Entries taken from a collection
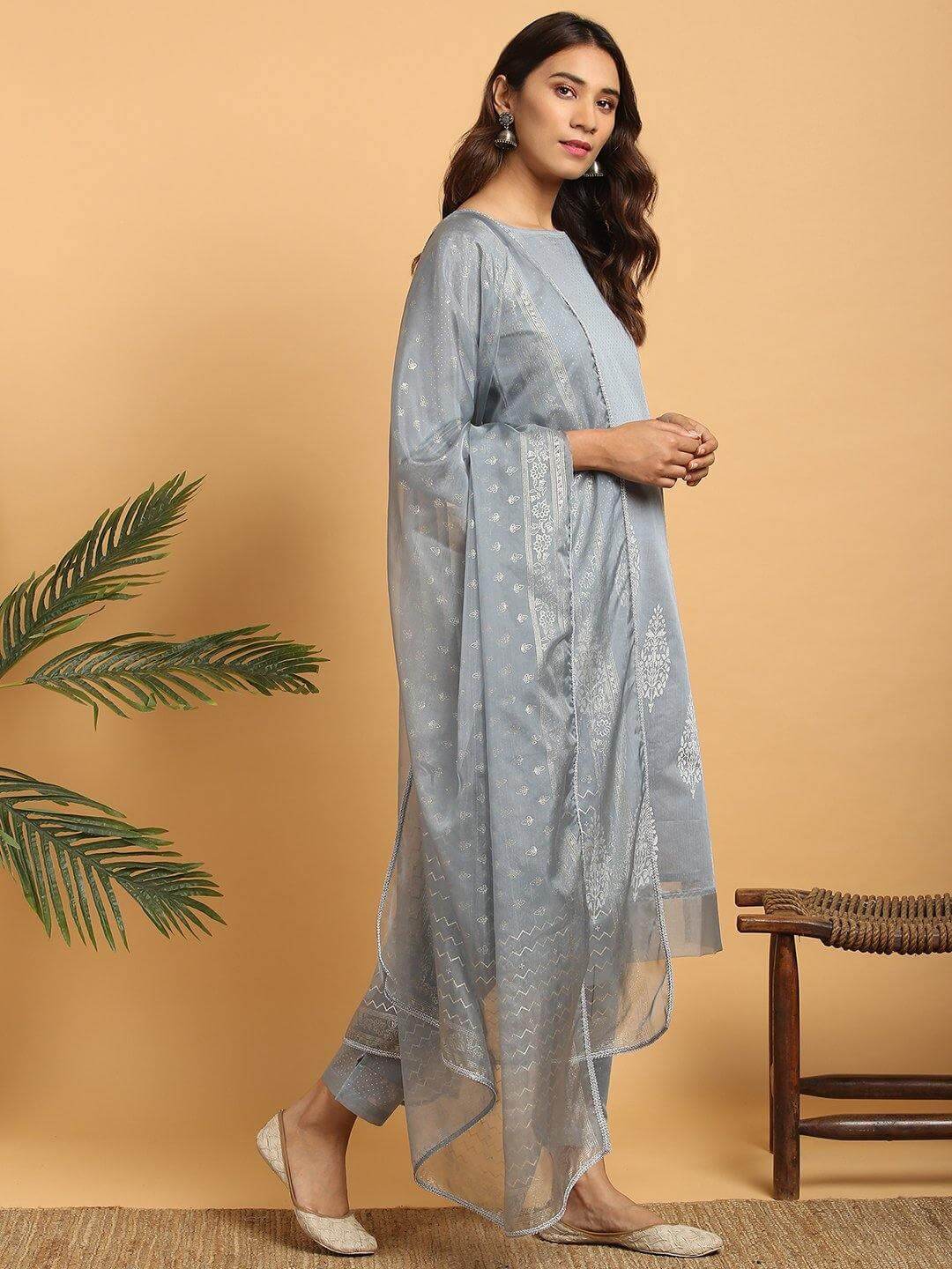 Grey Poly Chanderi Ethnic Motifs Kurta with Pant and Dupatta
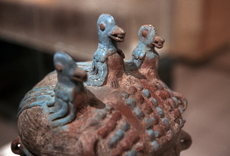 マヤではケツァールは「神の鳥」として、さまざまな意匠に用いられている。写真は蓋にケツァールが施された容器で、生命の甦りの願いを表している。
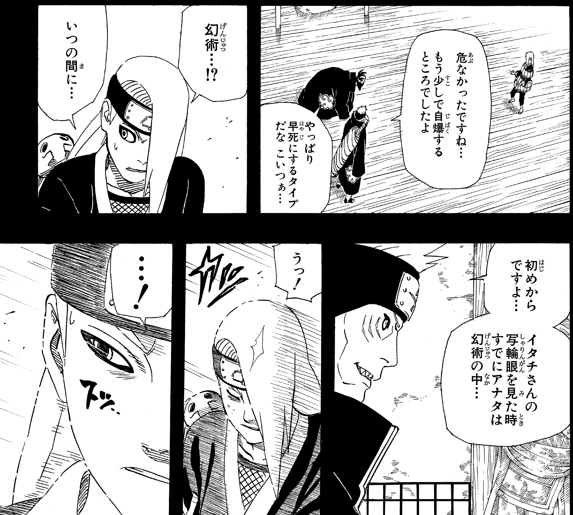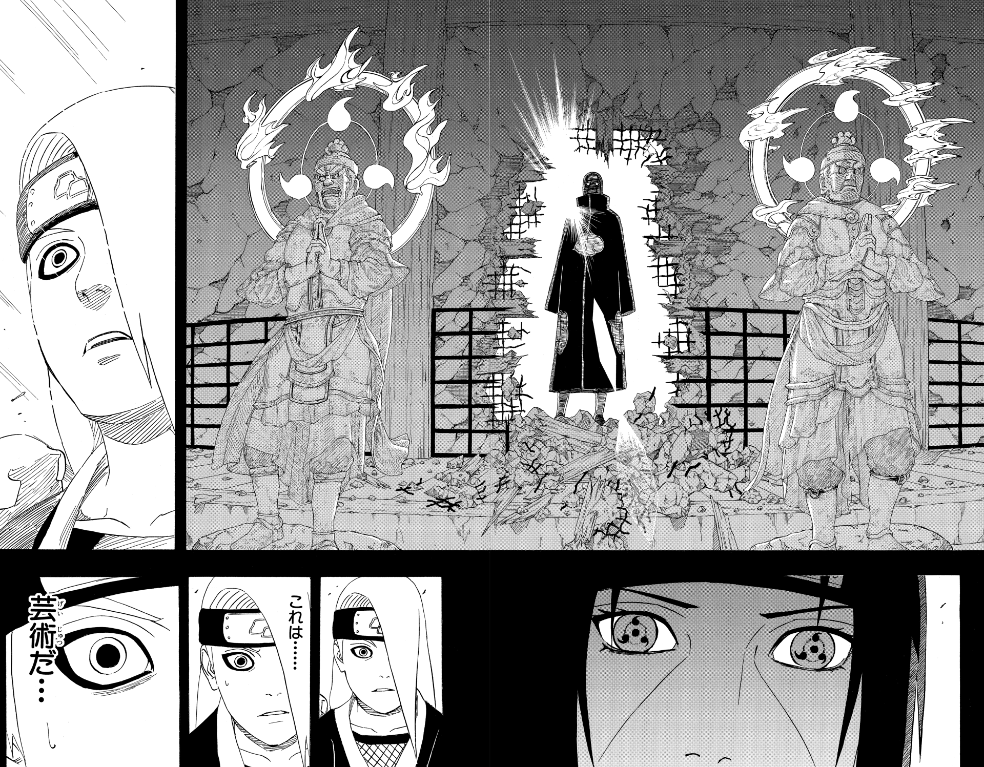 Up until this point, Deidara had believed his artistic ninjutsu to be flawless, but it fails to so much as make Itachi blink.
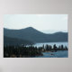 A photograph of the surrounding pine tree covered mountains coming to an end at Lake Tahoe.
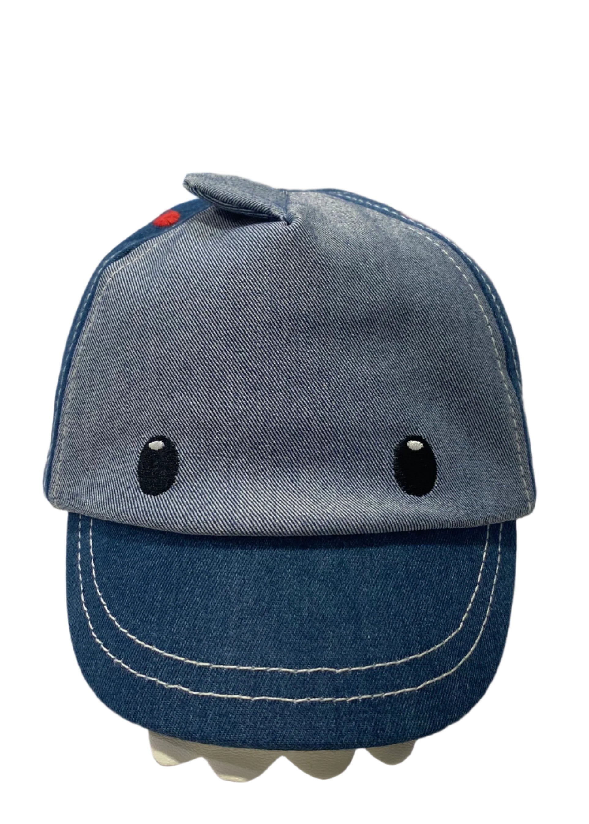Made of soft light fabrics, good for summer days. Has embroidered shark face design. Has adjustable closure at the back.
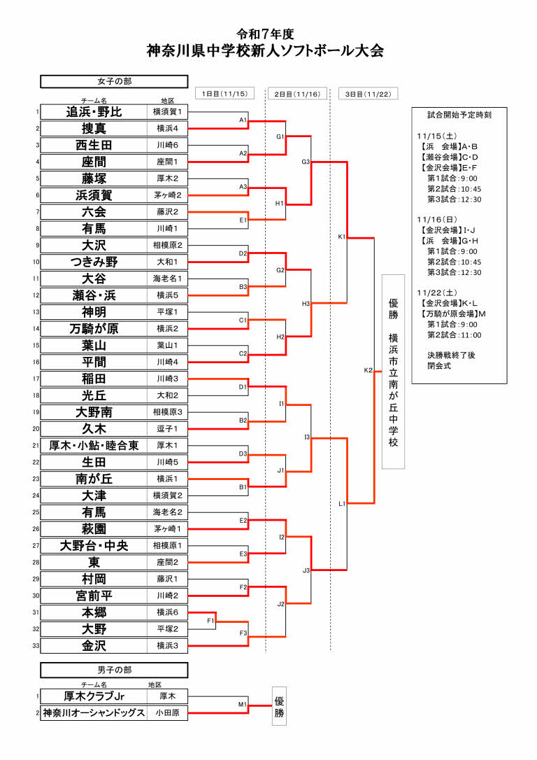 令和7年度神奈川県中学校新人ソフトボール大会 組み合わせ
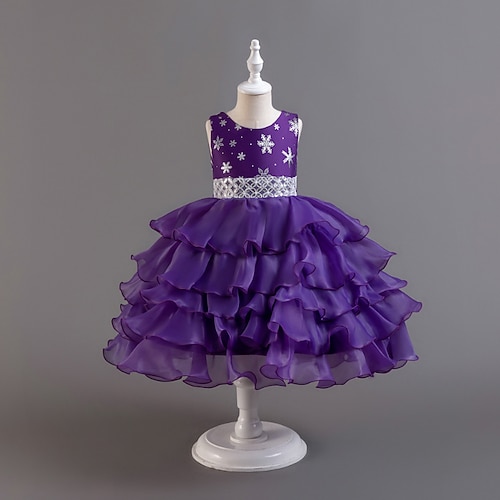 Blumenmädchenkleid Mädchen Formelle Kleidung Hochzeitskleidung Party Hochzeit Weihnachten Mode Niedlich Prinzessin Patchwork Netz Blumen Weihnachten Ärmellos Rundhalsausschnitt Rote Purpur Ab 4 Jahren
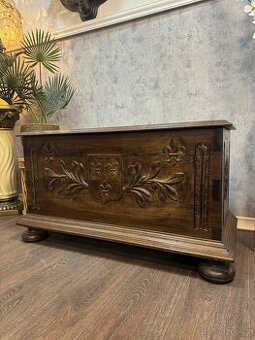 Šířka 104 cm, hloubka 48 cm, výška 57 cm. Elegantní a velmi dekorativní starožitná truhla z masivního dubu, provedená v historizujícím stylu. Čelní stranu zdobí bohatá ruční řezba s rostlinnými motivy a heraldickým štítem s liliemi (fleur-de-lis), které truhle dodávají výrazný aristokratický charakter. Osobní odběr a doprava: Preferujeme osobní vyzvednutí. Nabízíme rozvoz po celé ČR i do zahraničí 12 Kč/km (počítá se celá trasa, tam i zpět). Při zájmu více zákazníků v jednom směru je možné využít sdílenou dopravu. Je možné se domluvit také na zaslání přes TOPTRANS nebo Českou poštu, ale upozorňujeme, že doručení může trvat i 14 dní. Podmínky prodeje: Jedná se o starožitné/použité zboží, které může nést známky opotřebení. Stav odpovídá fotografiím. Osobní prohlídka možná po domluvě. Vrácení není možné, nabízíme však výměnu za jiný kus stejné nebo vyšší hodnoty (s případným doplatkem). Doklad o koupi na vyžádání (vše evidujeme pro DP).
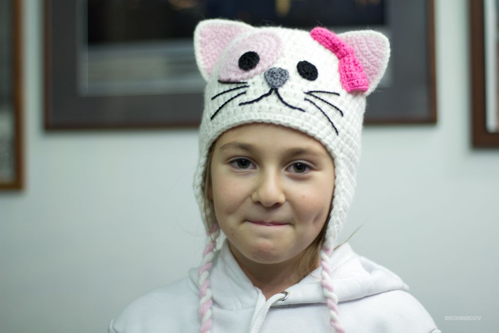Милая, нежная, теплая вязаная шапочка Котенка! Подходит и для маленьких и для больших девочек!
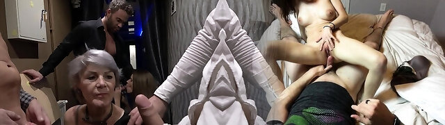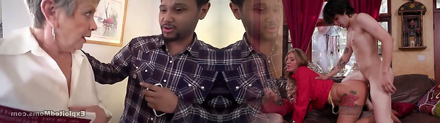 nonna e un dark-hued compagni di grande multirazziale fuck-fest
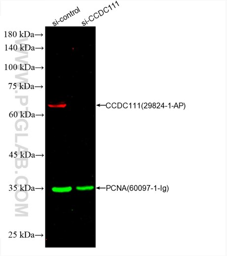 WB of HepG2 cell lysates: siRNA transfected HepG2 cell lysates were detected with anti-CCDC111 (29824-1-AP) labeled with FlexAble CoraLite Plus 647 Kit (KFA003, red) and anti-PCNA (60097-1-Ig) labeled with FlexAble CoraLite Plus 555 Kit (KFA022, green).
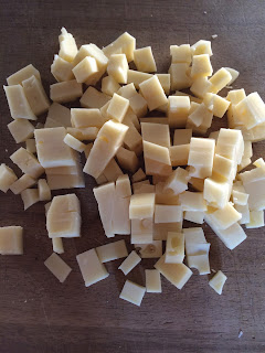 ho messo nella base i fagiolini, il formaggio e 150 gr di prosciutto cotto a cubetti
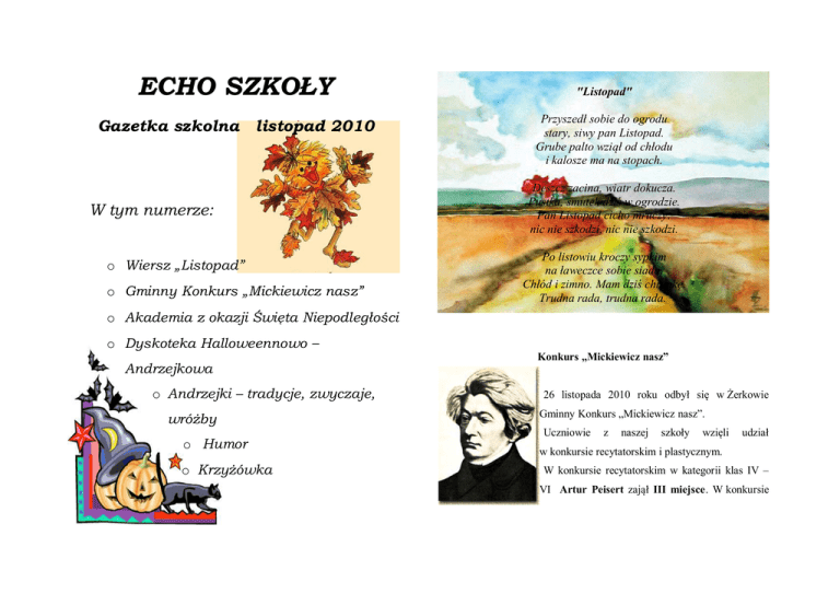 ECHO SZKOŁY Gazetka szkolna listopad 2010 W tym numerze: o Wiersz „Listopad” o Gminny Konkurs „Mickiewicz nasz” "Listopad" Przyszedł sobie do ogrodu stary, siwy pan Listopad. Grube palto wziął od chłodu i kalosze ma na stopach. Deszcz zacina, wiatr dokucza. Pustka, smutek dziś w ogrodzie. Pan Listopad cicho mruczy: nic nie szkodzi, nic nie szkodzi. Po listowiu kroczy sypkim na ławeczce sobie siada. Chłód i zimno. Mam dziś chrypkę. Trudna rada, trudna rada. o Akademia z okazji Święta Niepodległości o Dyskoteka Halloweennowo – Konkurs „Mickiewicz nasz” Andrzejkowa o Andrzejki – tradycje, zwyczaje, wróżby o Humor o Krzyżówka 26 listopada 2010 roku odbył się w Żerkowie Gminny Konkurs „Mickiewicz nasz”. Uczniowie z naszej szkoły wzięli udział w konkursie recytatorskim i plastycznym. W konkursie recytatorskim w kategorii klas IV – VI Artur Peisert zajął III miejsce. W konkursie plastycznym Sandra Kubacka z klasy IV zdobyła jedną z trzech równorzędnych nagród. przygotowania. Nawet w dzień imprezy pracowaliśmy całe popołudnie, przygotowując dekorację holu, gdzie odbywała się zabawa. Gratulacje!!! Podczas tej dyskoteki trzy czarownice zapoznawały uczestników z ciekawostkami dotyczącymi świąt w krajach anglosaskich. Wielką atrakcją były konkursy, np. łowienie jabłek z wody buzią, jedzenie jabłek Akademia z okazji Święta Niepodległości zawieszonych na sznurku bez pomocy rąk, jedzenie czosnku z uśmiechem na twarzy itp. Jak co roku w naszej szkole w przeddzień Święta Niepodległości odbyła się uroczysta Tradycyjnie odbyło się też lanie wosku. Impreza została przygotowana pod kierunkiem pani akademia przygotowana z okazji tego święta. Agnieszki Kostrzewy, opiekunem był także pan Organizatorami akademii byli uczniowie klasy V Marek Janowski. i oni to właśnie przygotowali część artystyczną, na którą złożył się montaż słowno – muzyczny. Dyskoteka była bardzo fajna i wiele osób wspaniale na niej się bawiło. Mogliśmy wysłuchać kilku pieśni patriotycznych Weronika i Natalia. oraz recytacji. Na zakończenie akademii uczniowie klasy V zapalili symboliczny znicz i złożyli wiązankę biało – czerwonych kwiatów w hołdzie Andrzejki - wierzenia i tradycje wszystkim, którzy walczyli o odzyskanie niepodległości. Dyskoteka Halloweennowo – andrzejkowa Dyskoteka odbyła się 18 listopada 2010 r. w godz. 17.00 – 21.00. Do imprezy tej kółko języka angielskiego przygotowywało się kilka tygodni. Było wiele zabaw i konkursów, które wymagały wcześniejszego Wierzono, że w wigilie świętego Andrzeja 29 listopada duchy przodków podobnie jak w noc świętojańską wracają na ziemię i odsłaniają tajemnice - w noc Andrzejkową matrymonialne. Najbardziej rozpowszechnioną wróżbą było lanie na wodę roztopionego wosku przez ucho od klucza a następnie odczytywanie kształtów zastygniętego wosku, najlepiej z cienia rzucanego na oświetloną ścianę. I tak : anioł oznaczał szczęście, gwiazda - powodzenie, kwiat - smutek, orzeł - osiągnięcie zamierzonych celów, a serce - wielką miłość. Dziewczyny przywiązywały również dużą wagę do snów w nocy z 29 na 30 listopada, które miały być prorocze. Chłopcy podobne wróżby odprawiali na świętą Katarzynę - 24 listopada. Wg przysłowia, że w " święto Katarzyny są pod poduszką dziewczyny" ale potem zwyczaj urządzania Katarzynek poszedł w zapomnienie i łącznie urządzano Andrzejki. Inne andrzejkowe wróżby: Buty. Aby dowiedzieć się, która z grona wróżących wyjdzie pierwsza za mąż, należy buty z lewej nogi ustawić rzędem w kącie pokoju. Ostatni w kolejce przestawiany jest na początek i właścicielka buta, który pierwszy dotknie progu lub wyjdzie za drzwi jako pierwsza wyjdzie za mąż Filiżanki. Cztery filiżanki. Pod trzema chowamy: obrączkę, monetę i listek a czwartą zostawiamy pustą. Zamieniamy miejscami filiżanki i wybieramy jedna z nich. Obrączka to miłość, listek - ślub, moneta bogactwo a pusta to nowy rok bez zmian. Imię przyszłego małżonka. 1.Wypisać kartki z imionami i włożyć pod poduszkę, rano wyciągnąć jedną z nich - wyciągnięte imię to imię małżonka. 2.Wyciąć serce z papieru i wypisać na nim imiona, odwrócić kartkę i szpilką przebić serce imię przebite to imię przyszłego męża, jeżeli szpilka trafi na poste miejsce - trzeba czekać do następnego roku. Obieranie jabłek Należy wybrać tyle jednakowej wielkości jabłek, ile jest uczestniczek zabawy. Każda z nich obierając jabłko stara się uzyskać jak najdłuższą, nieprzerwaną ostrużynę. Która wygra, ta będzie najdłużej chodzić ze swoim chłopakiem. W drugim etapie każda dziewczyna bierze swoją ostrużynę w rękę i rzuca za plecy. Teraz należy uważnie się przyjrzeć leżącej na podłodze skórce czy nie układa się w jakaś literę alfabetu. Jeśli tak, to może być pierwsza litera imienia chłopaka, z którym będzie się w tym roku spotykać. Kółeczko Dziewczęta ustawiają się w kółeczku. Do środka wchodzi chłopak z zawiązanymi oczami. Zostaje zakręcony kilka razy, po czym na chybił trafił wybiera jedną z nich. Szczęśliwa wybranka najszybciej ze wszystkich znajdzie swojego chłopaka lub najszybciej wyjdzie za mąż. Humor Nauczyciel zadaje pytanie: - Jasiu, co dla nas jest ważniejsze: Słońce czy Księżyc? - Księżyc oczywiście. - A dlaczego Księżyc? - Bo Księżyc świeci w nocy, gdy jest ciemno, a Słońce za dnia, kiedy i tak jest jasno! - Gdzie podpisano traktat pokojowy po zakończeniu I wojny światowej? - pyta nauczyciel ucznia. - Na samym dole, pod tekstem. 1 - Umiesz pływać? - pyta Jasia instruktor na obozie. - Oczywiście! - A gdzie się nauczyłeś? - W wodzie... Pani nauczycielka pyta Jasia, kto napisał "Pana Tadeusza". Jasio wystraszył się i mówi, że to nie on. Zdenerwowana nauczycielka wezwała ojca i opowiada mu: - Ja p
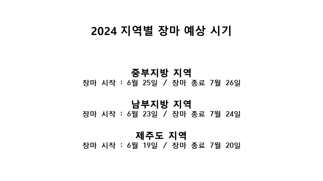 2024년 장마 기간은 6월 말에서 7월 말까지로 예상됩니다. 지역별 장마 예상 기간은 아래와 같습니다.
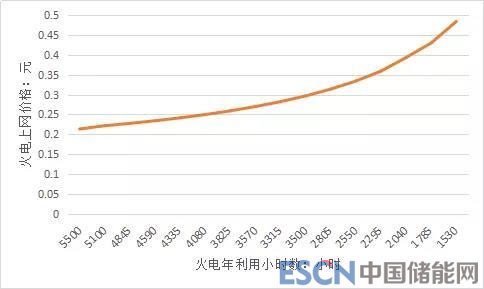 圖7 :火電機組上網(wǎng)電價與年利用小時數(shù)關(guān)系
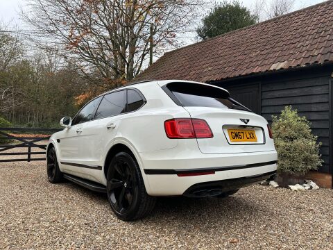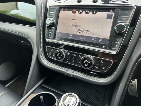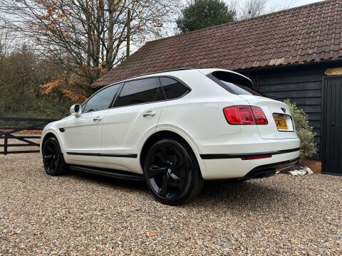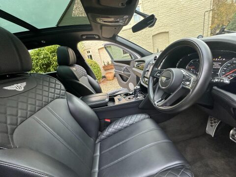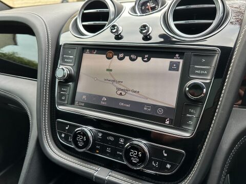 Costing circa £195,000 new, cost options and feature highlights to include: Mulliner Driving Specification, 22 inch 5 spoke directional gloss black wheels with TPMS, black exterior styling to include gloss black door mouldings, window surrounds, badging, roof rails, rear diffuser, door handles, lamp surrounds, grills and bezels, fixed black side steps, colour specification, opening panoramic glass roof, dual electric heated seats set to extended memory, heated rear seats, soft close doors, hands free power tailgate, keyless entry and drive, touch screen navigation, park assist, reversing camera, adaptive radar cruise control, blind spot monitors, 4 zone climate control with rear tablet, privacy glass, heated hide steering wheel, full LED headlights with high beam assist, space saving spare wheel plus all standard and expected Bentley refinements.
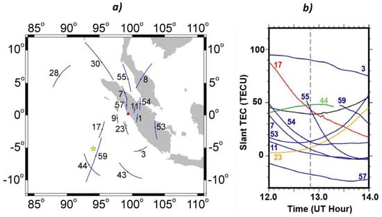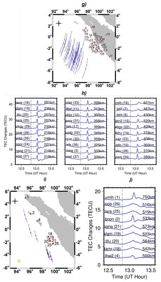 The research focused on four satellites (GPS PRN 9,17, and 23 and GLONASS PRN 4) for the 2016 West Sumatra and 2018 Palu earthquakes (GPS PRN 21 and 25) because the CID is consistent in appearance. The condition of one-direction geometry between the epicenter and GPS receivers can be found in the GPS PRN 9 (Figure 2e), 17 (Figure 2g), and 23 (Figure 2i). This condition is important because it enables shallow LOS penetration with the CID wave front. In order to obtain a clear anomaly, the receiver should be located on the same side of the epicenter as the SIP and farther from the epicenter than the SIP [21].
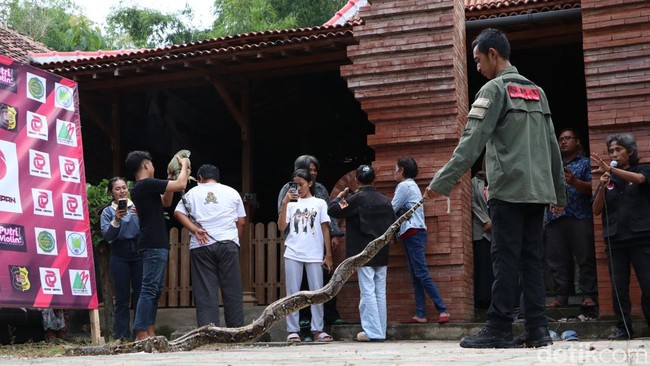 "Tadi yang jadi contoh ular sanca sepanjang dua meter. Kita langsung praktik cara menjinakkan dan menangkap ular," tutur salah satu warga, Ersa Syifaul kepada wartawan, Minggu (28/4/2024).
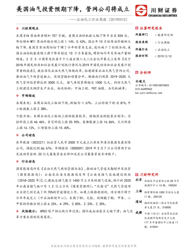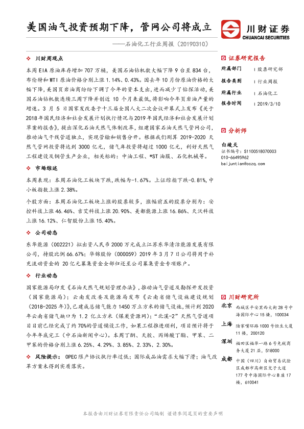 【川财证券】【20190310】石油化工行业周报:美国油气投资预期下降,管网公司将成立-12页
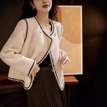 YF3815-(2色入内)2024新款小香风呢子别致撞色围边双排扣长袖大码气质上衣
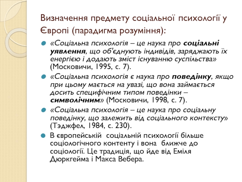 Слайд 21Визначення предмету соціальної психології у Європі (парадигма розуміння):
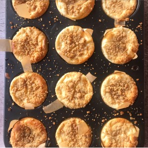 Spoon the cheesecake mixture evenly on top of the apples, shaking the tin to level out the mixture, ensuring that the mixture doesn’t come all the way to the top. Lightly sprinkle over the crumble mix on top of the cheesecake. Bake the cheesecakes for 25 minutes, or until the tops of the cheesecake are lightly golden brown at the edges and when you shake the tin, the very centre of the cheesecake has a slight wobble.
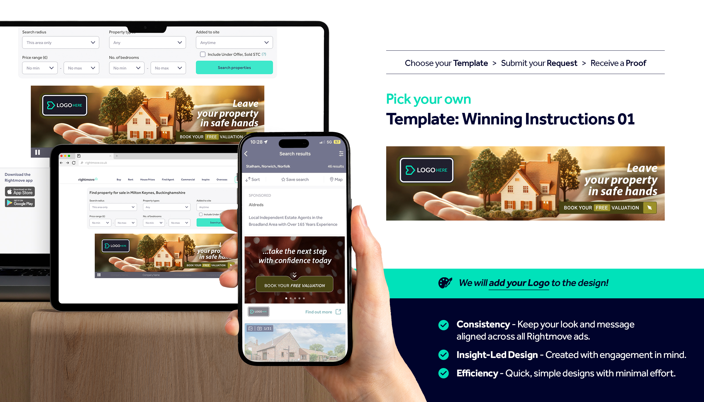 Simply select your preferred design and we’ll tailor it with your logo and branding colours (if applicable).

What is required
Reproduce the lines above beginning at the line that contains "A photograph of" and ending at the line that contains "Blumenmädchenkleid Mädchen Formelle". No pictures.

Task response
 A photograph of the surrounding pine tree covered mountains coming to an end at Lake Tahoe.
Made of soft light fabrics, good for summer days. Has embroidered shark face design. Has adjustable closure at the back.
 令和7年度神奈川県中学校新人ソフトボール大会 組み合わせ
 Blumenmädchenkleid Mädchen Formelle Kleidung Hochzeitskleidung Party Hochzeit Weihnachten Mode Niedlich Prinzessin Patchwork Netz Blumen Weihnachten Ärmellos Rundhalsausschnitt Rote Purpur Ab 4 Jahren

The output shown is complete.